Compared to last year, our harvest seems to be about two weeks later. Yes, we had heat and dry weather all June, but many of our vegetables and fruit are suffering from the cold damage we had in May. Tomatoes in the greenhouse are just ripening (and recent winds have also knocked over many of our plants). Our raspberries are truly feeling the heat, and the harvest is dramatically lower. Strawberries suffered – any fruit was much smaller. We have discovered other berries have done better. The gooseberry, loganberry and blackcurrant crops were good, both in size and sweetness.

The corn got really hit by the cold in May, and the plants are still much smaller than they were this time last year. Our first cobs were sweet and since I don’t feel you can ever buy them as sweet, they are still worth growing. We have watered our beans and peas regularly and managed to freeze quite a few bags of them for winter.
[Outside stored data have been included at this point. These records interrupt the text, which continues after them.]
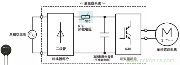 逆變器系統(tǒng)主要由轉(zhuǎn)換器級、逆變器級和直流側(cè)電容(平滑電容)組成,該電容放置在轉(zhuǎn)換器級之后,如下所示。上電時,器件會通過沖擊電流進(jìn)行充電,而該沖擊電流的峰值是(為直流側(cè)電容充電的)穩(wěn)定電流的若干倍。該沖擊電流可能會對直流電容的使用壽命產(chǎn)生不利影響,或損壞半導(dǎo)體器件。為了防止沖擊電流,我們需要連接NTC熱敏電阻。
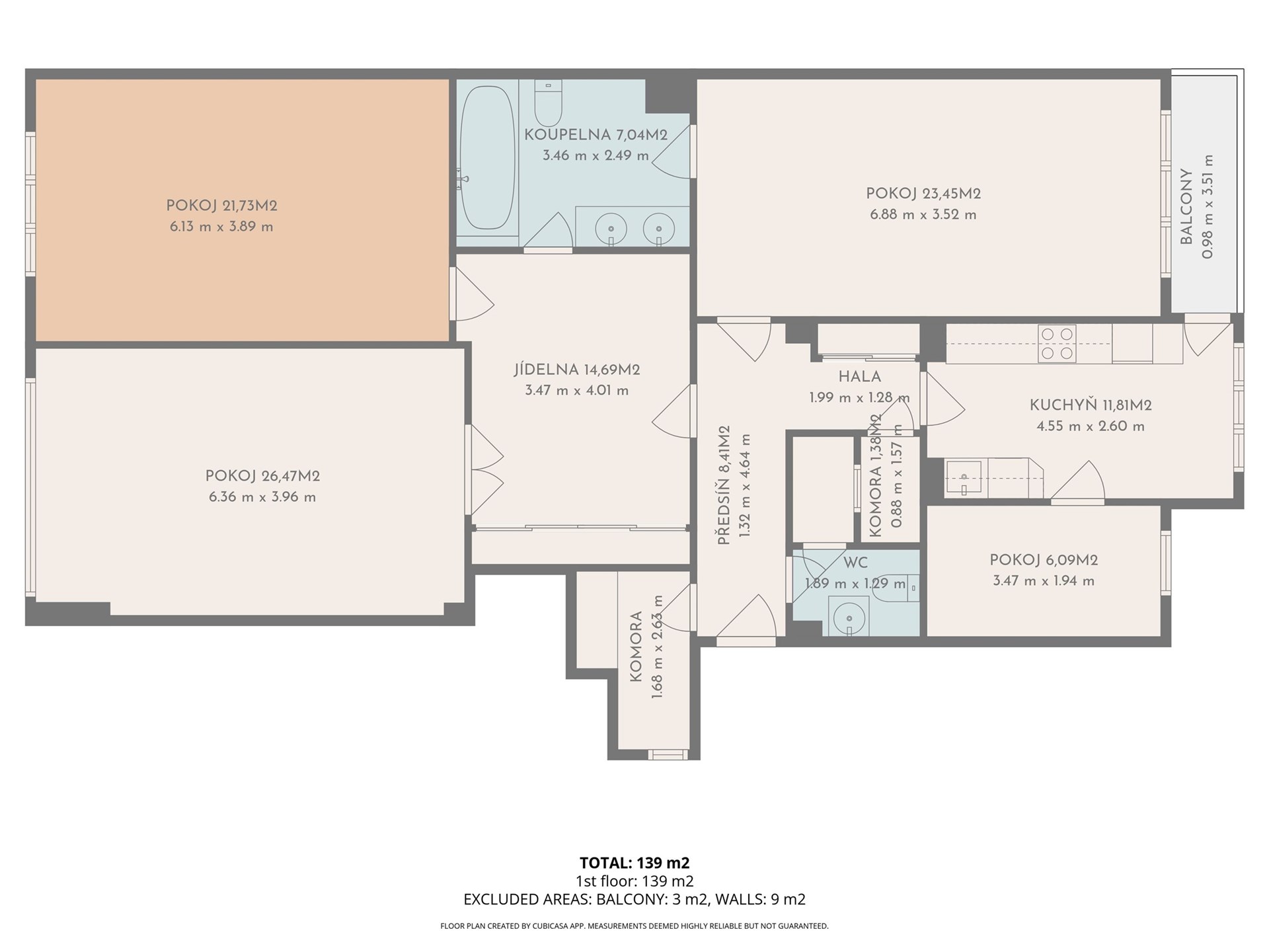 | Dispozice/podlahová plocha: | 4+1/121 m² |
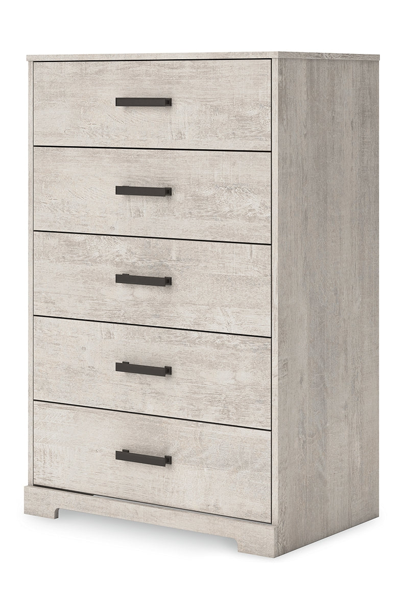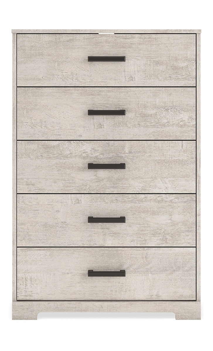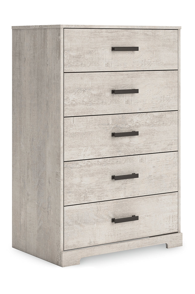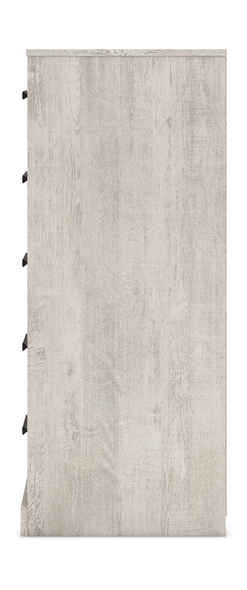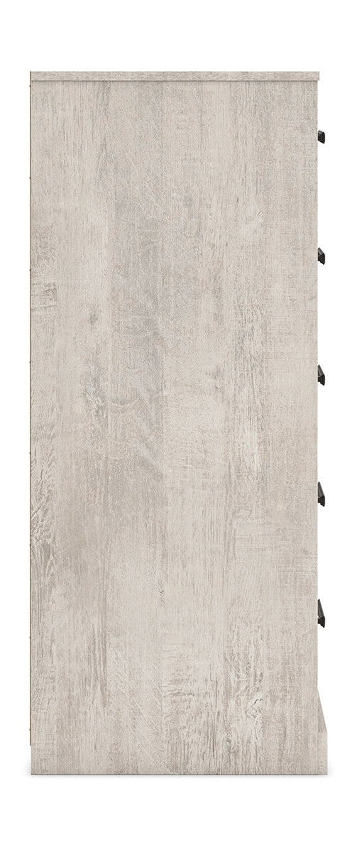 Give casual a new meaning with the chic look of the Shawburn chest of drawers. A light gray finish over replicated oak grain keeps it laid-back and inviting, while substantial pulls in a warm pewter tone add a modern farmhouse touch. Spacious drawers give you plenty of room to store your wardrobe. Talk about a delightfully relaxed vibe in your inner sanctum. | Product Features

Yes, there is a harvest, but we are concerned by how much watering we need to do to get produce each year. Our best success is with fennel, and our allotment neighbour shared with us some of his amazing artichoke flowers. We have cooked them for about an hour and they are lovely in salads and pasta.

So, as we reflect on the year, we are beginning to look at what we should be planting and growing, given the changing climate and really extreme dry weather we keep getting. Should we focus more on easier, Mediterranean and perennial-like crops which can grow deeper roots and survive without so much water?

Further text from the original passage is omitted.